Nov 25, 2025

Introducing the Motion+ Carousel

Matt Perry

Carousels are a cornerstone of web design, but over the years they've proven difficult to get right. Between CSS limitations and clunky JS gestures, building a carousel that feels fluid, scrolls infinitely, looks great, and offers a flexible developer experience is one of the most deceptively complicated challenges in web UX.

Today, we're launching the Motion+ Carousel for React. It's a new component that makes it easy to build performant, accessible, and fully-featured carousels.

A long time coming

The perfect carousel is a personal white whale of mine.

12 years ago, I was working on Prime Video, tasked with implementing a simple carousel of titles. The design team had built a beautiful new implementation, but the stock Amazon carousel was riddled with UX flaws. It was clunky, slow to paginate, and unable to recreate the specced design. So I set about making my own.

I still remember the angry conference call to me and my manager when the core UI team discovered I’d spent a month reinventing their square wheel. From my perspective, it was worth it. If I don't think something is up to scratch, I can't ship it in good conscience.
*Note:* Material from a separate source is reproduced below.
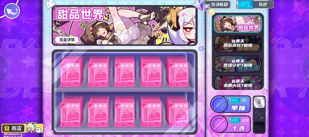 如图所示,抽卡是在甜品派对简单5解锁的,我们首先要打到甜品5解锁抽卡。每关最后有一个冰碗机会拖你的时间,能量饮料喂给卷卷战士打死它。(不懂可以回游戏翻图鉴-微型机。得知这是哪一个怪物)

It seemed like at every subsequent job, I kept running into the same requirement - build a beautiful carousel - and the same dissatisfaction with available solutions. My iterations on this problem culminated in a 2017 tutorial literally titled Create the Perfect Carousel. Although "perfect" was probably an overstatement, many of the techniques I wrote about then have landed here: refined, expanded, and modernised. It's getting closer.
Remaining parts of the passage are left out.